# Problem statement:
From the line that contains "En yüksek sayıda" down to the final line of the listing below, set down every line exactly, both ends included, and drop the pictures.

# Data below:
-- Opening Marker --

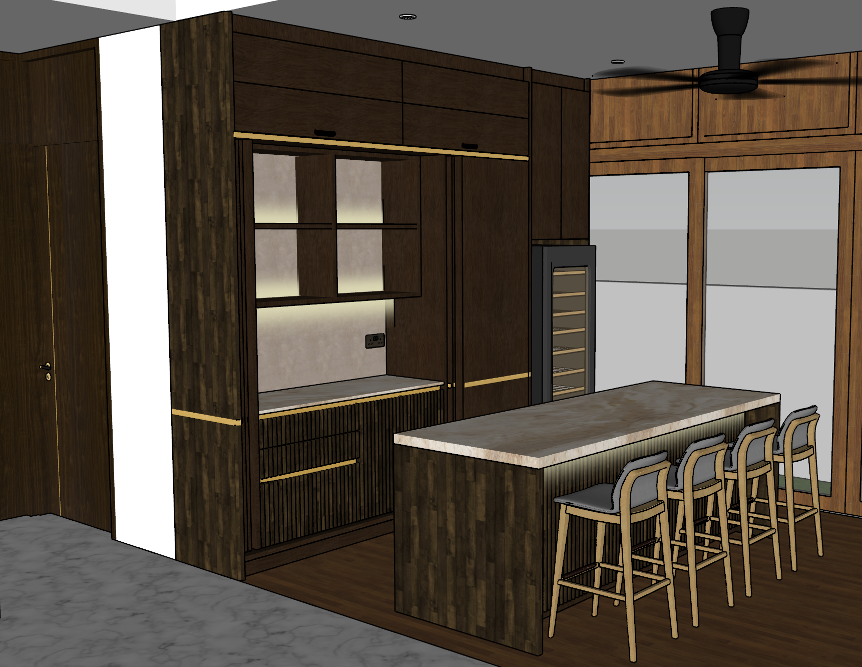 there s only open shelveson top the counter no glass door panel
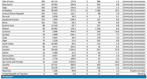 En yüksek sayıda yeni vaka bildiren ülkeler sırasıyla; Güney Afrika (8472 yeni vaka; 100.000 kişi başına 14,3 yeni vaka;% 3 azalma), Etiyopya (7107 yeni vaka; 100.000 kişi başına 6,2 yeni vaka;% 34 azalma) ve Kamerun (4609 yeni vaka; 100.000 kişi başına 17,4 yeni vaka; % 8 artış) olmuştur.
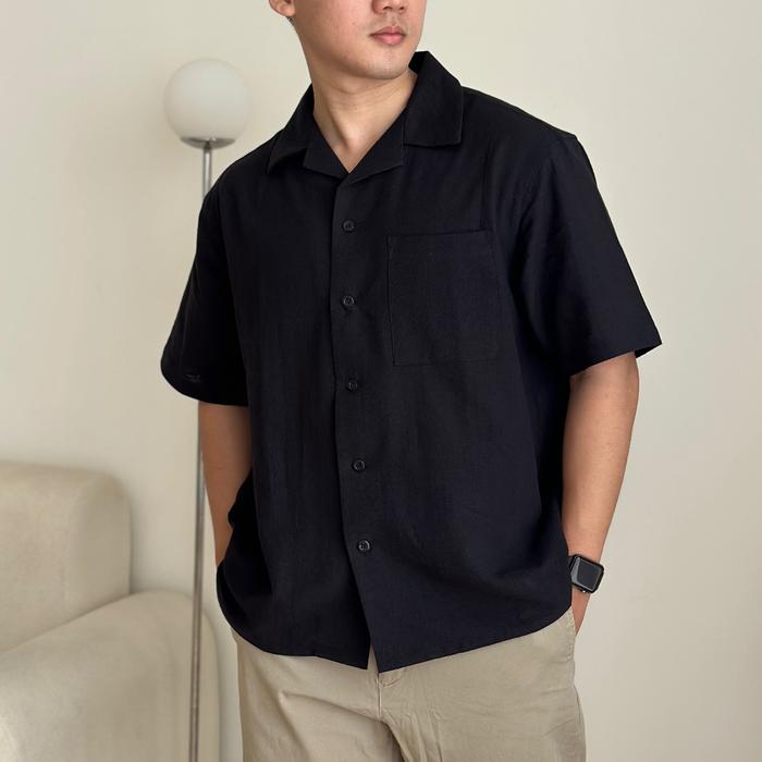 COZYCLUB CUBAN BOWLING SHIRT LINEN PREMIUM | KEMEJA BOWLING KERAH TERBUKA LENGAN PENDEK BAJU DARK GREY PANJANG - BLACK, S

-- Closing Marker --

# Expected answer:
 En yüksek sayıda yeni vaka bildiren ülkeler sırasıyla; Güney Afrika (8472 yeni vaka; 100.000 kişi başına 14,3 yeni vaka;% 3 azalma), Etiyopya (7107 yeni vaka; 100.000 kişi başına 6,2 yeni vaka;% 34 azalma) ve Kamerun (4609 yeni vaka; 100.000 kişi başına 17,4 yeni vaka; % 8 artış) olmuştur.
 COZYCLUB CUBAN BOWLING SHIRT LINEN PREMIUM | KEMEJA BOWLING KERAH TERBUKA LENGAN PENDEK BAJU DARK GREY PANJANG - BLACK, S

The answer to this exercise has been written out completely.